A sеparate Order consistent with these findings has issued on this date.
. The Court has redacted plaintiffs' names in both this Opinion and the Judgment filed this date — but the Court has only redacted in this case precisely as requested by plaintiffs’ counsel — and unredacted versions will be filed under seal. See Mot. for Order to Redact [ECF No. 39],
. Plaintiffs in some of the related actions have also sued — and the Court has entered judgment against — the Iranian Revolutionary Guards Corps.
. Using the methodology detailed below, the proper multiplier for an expense incurred in 2009 is 1.17341.
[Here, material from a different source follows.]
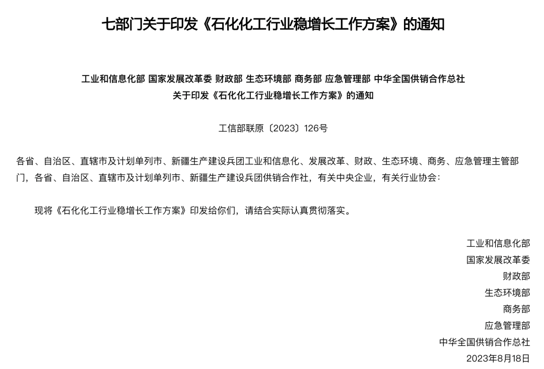 近日,工业和信息化部、国家发展改革委、财政部、生态环境部、商务部、应急管理部、中华全国供销合作总社等七部门发布《石化化工行业稳增长工作方案》。

. To calculate the multiplier, the Court multiplied $1.00 by the prime rate in 1999 (8%) and added that amount to $1.00, yielding $1.08. Then, the Court took-that amount and multiplied it by the prime rate in 2000 ■ (9.23%) and added that amount to $1.08, yielding $1.17968. Continuing this iterative process through 2014 yields a multiplier of 2.26185.
. The Court calculated the multiplier using the Federal Reserve’s data for the average annual prime rate in each year between 1998 and 2014. See Bd. of Governors of the Fed. Reserve Sys. Historical Data, available at http://www.federalreserve.gov/releases/hl5/ data.htm (last visited March 28, 2014). As of the date of this opinion, the Federal Reserve has not posted the annual prime rate for 2014, so the Court will conservatively estimаte that rate to be 3.25%, the rate for the previous six years.
. The product of the multiplier and the base damages amount includes both the prejudgment interest and the base damages amount; in other words, applying the multiplier calculates not the prejudgment interest but the base damages amount plus the prejudgment interest, or the total damages award.